La iglesia de San Nicolás, iniciada en 1647, fue
antes iglesia del Colegio jesuita de la
Trinidad, fundado por la familia Lasarte en
1619. Sobre su fachada de ladrillo destaca la
portada barroca de piedra, de fines del siglo
XVII. En ella, desde una hornacina, la estatua
de la Fe preside una representación de la
Santísima Trinidad.
El interior de San Nicolás, que repite el modelo
jesuita, guarda dos obras de especial valor: el
altar mayor y la estatua yacente del comendador
Rodrigo de Campuzano, a la derecha de la
entrada. Esta estatua fue trasladada aquí en el
siglo XIX desde la primitiva iglesia de San
Nicolás, que estuvo en el emplazamiento actual
del Banco de España.
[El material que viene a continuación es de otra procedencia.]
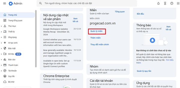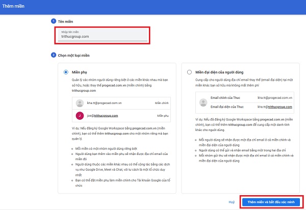 Hướng dẫn thêm tên miền, domain vào Google Workspace
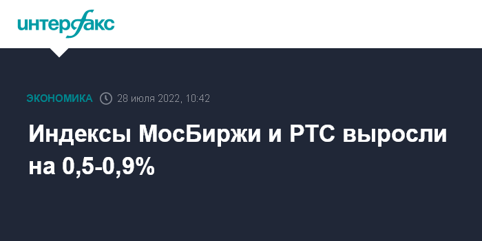 Москва. 28 июля. INTERFAX.RU - Рынок акций РФ открылся в четверг ростом цен blue chips на фоне благоприятной внешней фондовой и сырьевой конъюнктуры, подогретой решением Федрезерва США повысить ставку на ожидаемые 0,75 процентного пункта. Индексы МосБиржи и РТС за минуту торгов выросли на 0,5-0,9%, раллируют расписки "О'Кей" на квартальном отчете.
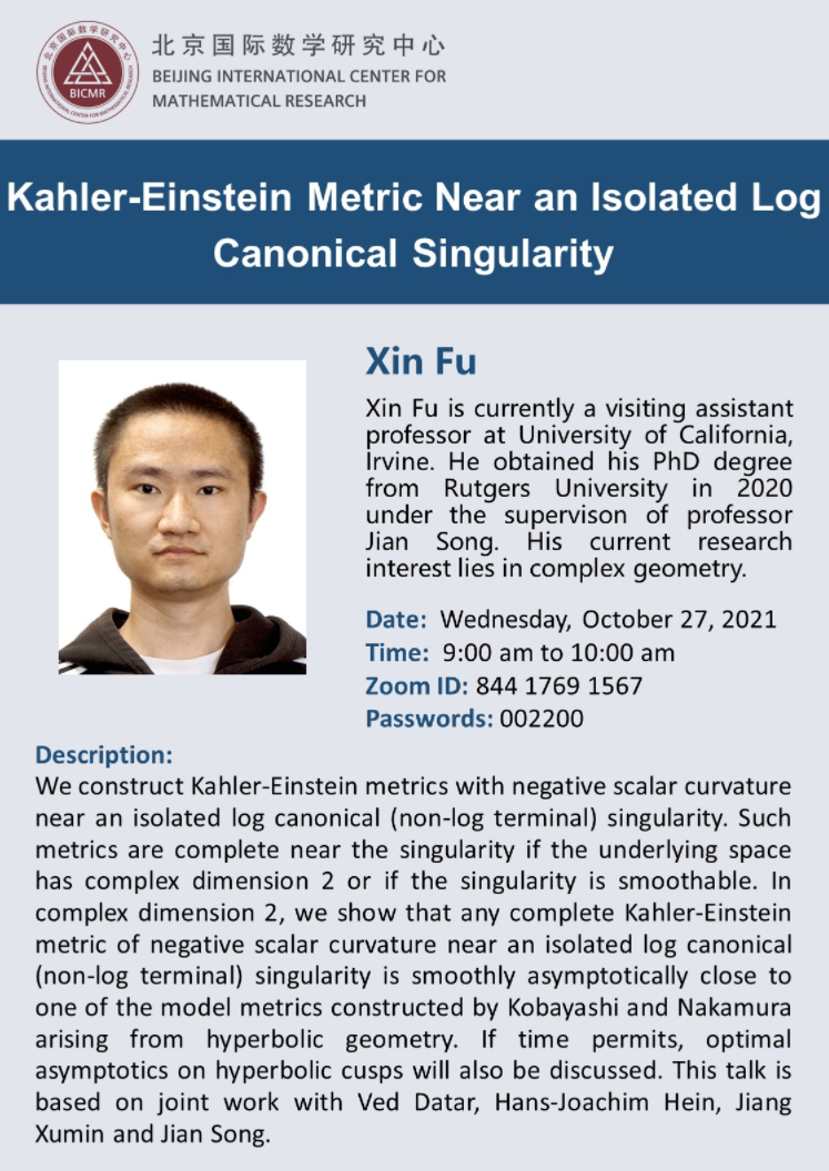 Speaker: Xin Fu is currently a visiting assistant professor at University of California, Irvine. He obtained his PhD degree from Rutgers University in 2020 under the supervison of professor Jian Song. His current research interest lies in complex geometry.
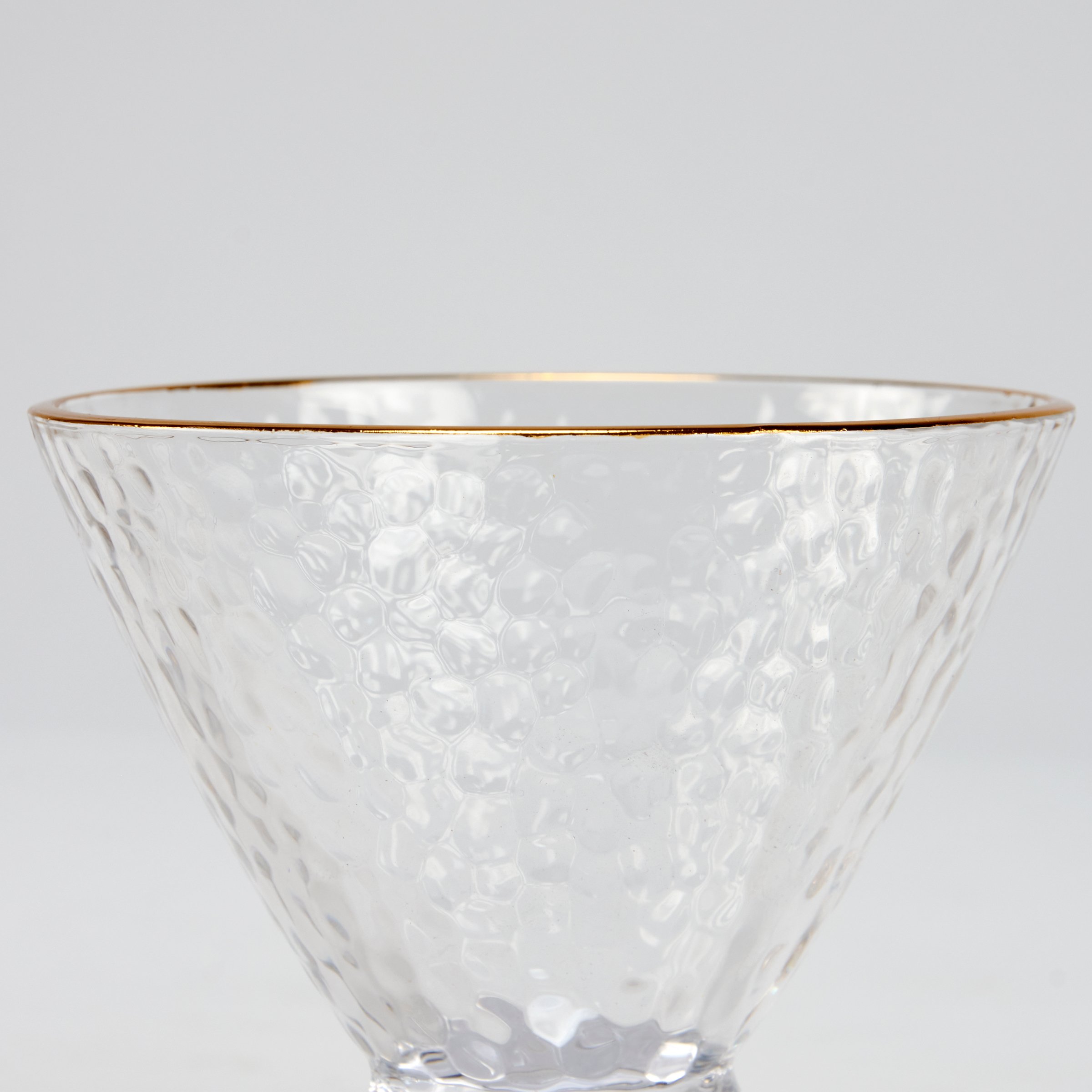 An 8 oz martini glass displaying an art deco inspired design with textured glass and metallic gold accent on the rim. Our small Gold Rim martini glass coordinates well with table décor from our Art Deco Collection. Hand wash only. A piece of vintage drinkware perfect for everyday gatherings.
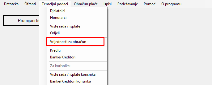 Na temeljnim podacima otvoriti Vrijednosti za obračun.
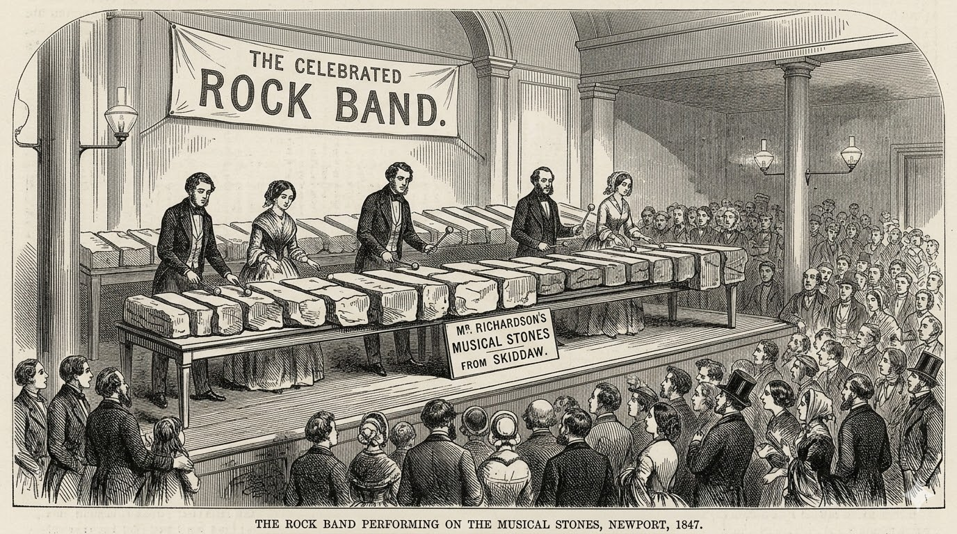 "For the information of our readers, to whom the Rock Band is unknown, we may just state that some years since, Mr Richardson accidentally discovered that certain stones in the neighbourhood of Keswick produced tones of great beauty and power. To apply this discovery, he toiled for years in the adjustment of fragments from Skiddaw, and the result of his labours is the construction of instruments, for so they may be called, which have a compass of 7 or 8 octaves; and from these uncouth blocks of stone is produced the most exquisite music that we have ever heard. These masses of stone, which vary in length from five feet to six inches, are arranged in two rows after the manner of the key board of an organ, and produce a variety of sounds, which seem to us to bear much resemblance to the tones of the harp, violoncello, and bass. At times we thought we were listening to some huge musical snuff box, so rapid was touch of the players, and sustained the effect."
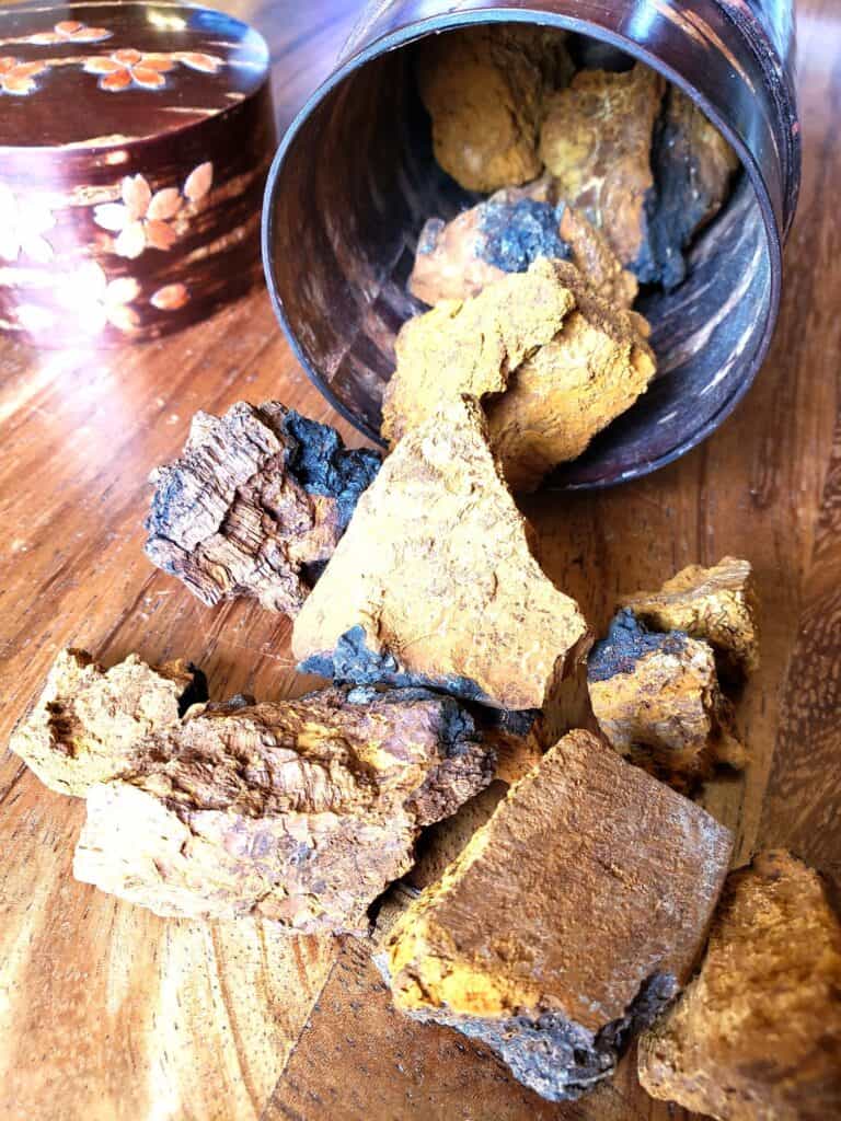 - 6 pieces dried Chaga mushrooms, estimated
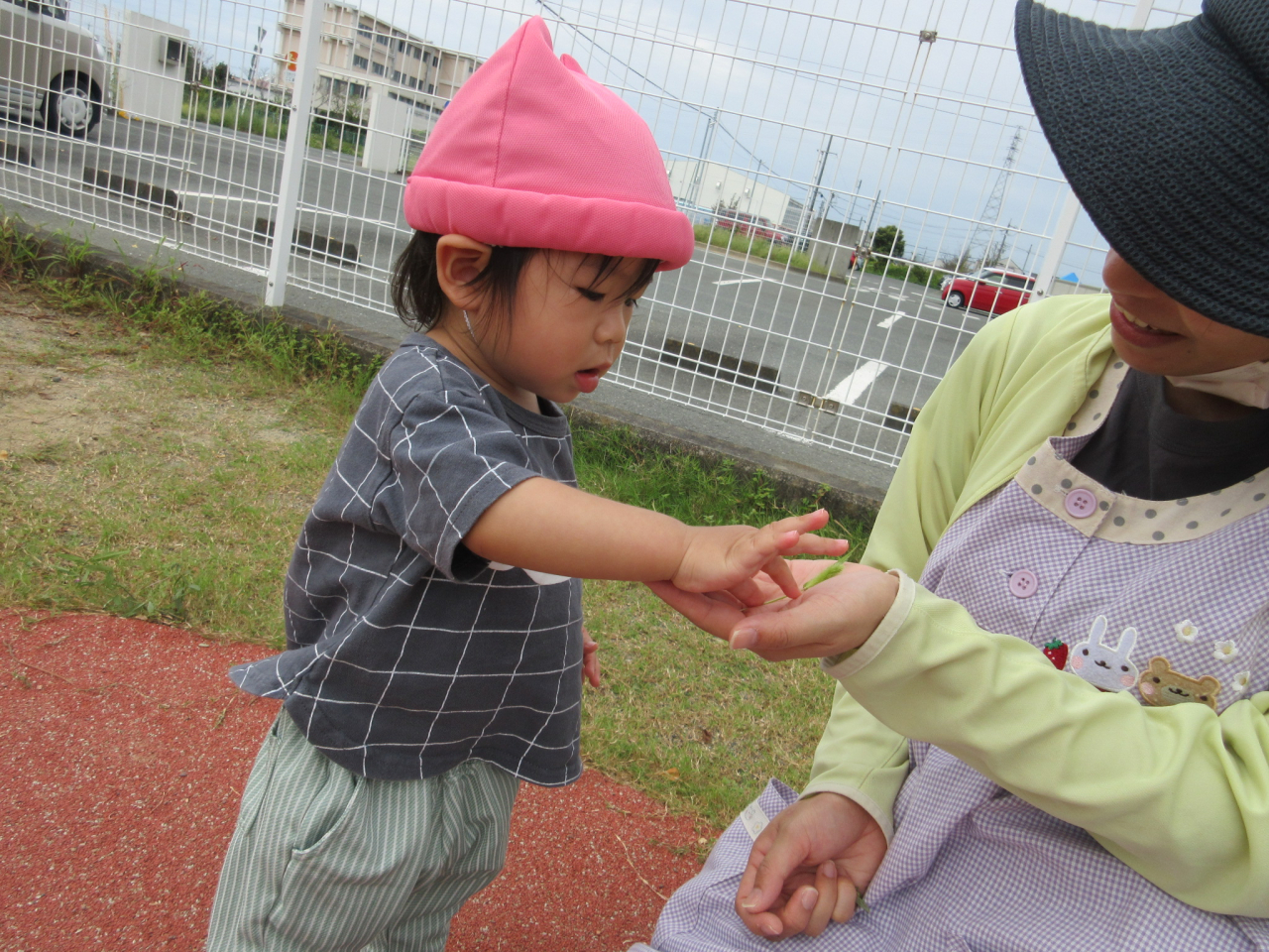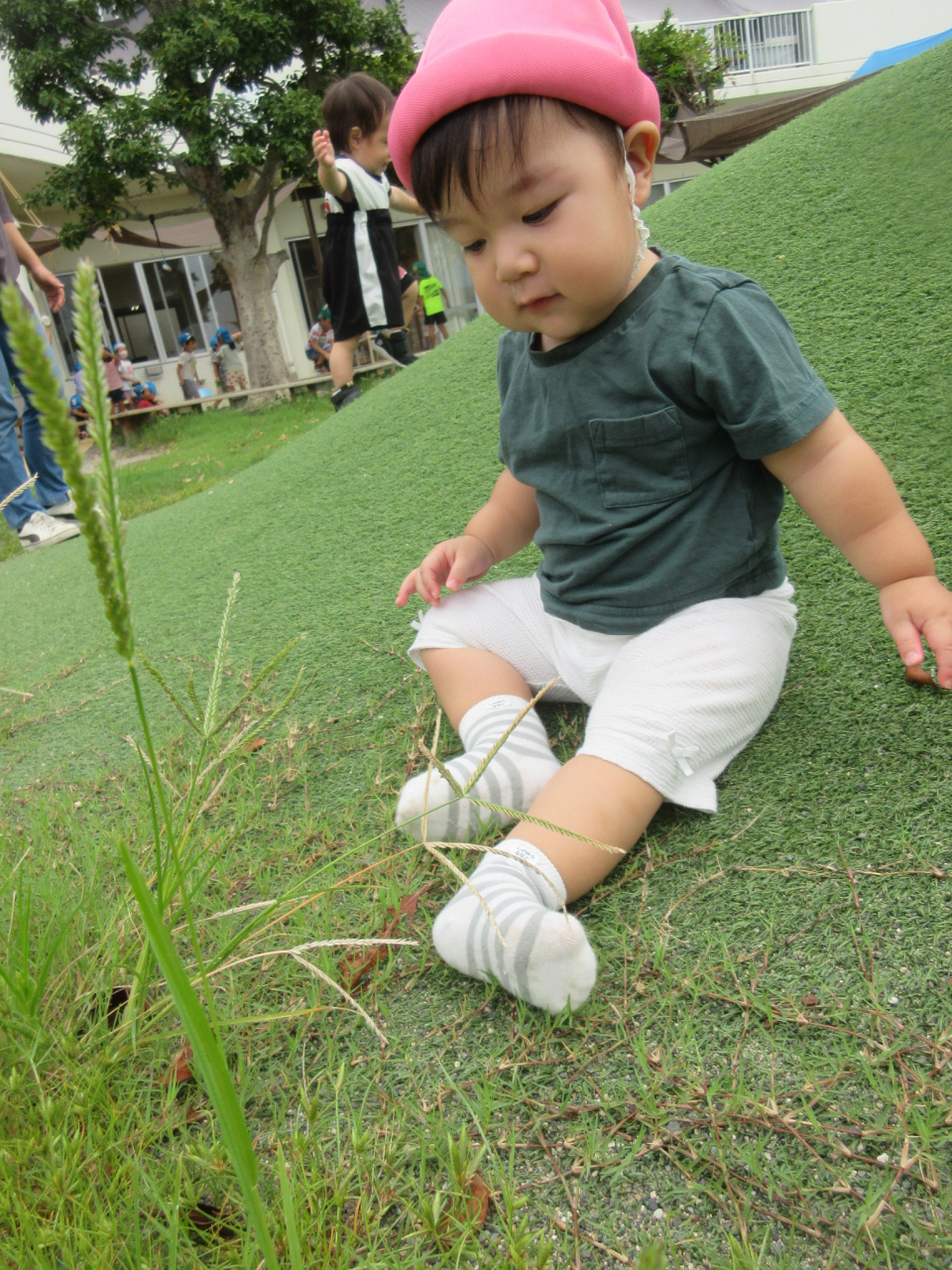 こもも組さんは、お散歩カーに乗って近くに探検へ行ったり、園庭に出て
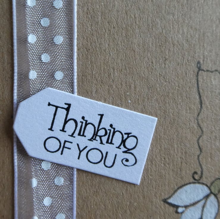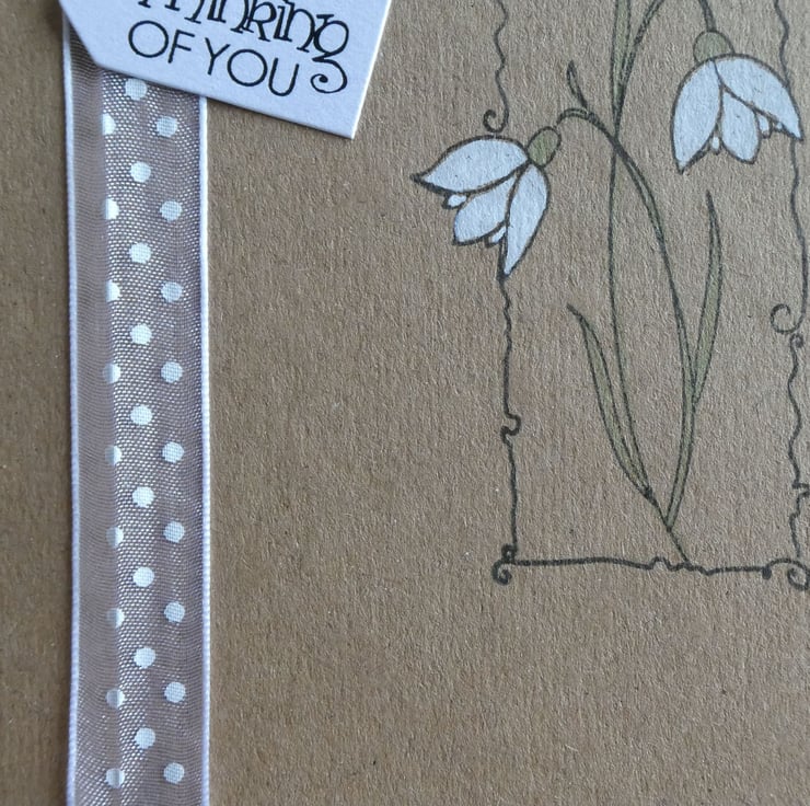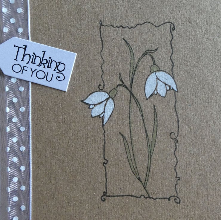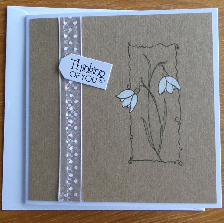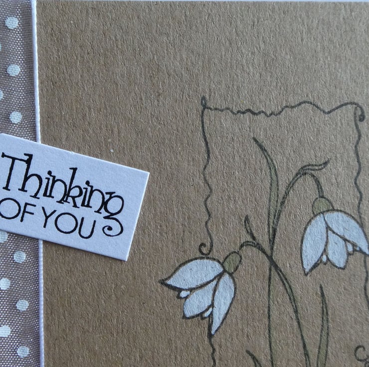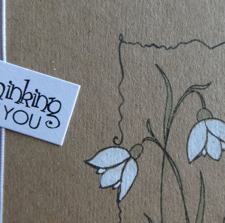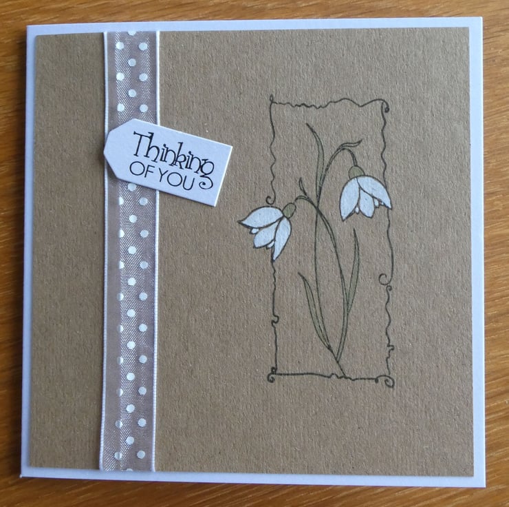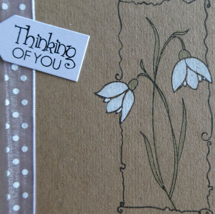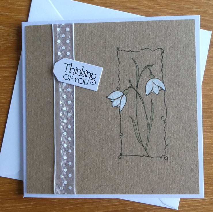 With the message Thinking of You this card has an image of delicate snowdrops hand stamped and coloured on a base of recycled kraft card making it ideal for a sympathy or get well card, as well as just to let someone know that they are in your thoughts.
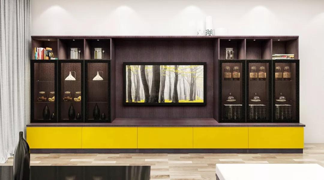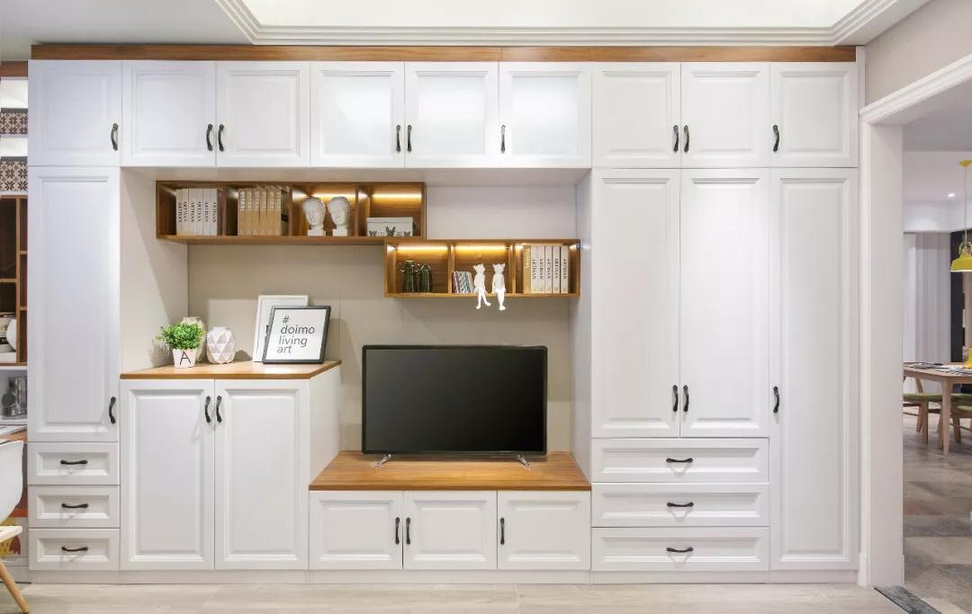 如果想要收纳能力更上一层楼,那不如把电视柜设计成顶天大柜,大小件物品都能藏到这里来,相比之下,储物能力可以呈指数级翻好几倍呢!

Fue tallada en Guadalajara
a fines del siglo XV y por su perfección ha sido
comparada con la estatua de El Doncel de la
catedral de Sigüenza.
Iglesia de Santiago
Desde el Infantado, calle Mayor arriba, se llega
enseguida a Teniente Figueroa. En esta calle, a
la izquierda, un sencillo muro de ladrillo y una
sencilla portada custodian una joya del siglo
XIV: la iglesia de Santiago, antes iglesia del
convento de Santa Clara. Su interior, gótico y
mudéjar, por debajo del nivel de la calle
actual, es de tres naves, separadas por
pilastras de piedra, sin crucero. Entre ellas se
levantan a gran altura los arcos apuntados.
Sobre toda la extensión de la nave central se
extiende un artesonado mudéjar.
En la cabecera hay dos capillas laterales: la
capilla de la Epístola, fundada por Diego García
de Guadalajara, que mantiene la traza gótica, y
la capilla del Evangelio, plateresca,
proyectada, probablemente, por Alonso de
Covarrubias a comienzos del siglo XVI, para
servir de enterramiento al caballero de
Santiago, Juan de Zúñiga.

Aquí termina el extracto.